A public project led by artist Anne McClain

Project Proposal

The creation of a perfume begins with a brief. For Anne’s project, that brief is to create a scent based on the experience of an act of humanity.

In September of 2009, Anne will travel to the city of San Miguel de Allende in Mexico with a group of twelve friends and perfumers and spend one week volunteering at the Casa de los Angeles, teaching art and visiting the local botanical garden at a day care center for children of single mothers. This act will serve as a tribute to a friend of Anne’s who volunteered at the Casa de los Angeles in 2003 and wrote of her experience, “I want to work with children..and do something to somehow improve their lives. I know that sometimes that means simply being 'present' to them..sharing a hug, holding them, smiling with them. We don't always have to do the big things to make a difference. If in my time of working with them I can benefit their families and the community in which they live I will be grateful.”

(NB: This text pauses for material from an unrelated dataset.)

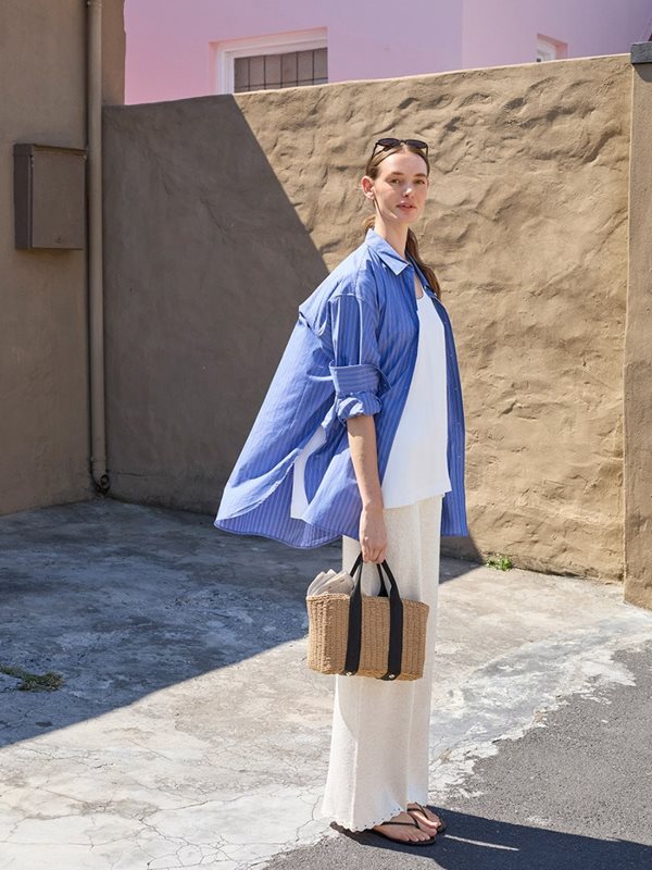 Byxan stickas uppifrån och ner i slätstickning med 2 trådar TYNN LINE. Välj gärna 2 olika färger i TYNN LINE för en melering. Det stickas först en dubbel linning till att trå en resår genom. Vidare stickas det vändvarv för att göra byxan högre bak. Det ökas masker mitt fram och mitt bak till kil före arbetet delas, och vart ben stickas färdiga var för sig. Under montering virkas det en uddkant runt avmaskningskanten nere på benen.

In Grasse, France, the capital of the perfume industry, Anne will create the Humanity scent by combining the techniques of modern perfumery and her studies in aromatherapy. Anne's intention is to use the inherent healing and transformative effects of natural plant materials to create a scent to uplift, encourage relaxation and making connections, stimulate compassion, and nurture a sense of letting go.

The Humanity scent will take the form of a fountain of perfumed water. A place of gathering often found in town squares (in Grasse, a fountain is located in the central square where the daily flower market takes place; in San Miguel de Allende the area where the fountain is located is called El Jardin), the fountain will serve as a place for communing, contemplation, and reflection. The creation of the fountain will be a collaborative effort between Anne, glass artist Alan Iwamura, and industrial designer Lance McGregor.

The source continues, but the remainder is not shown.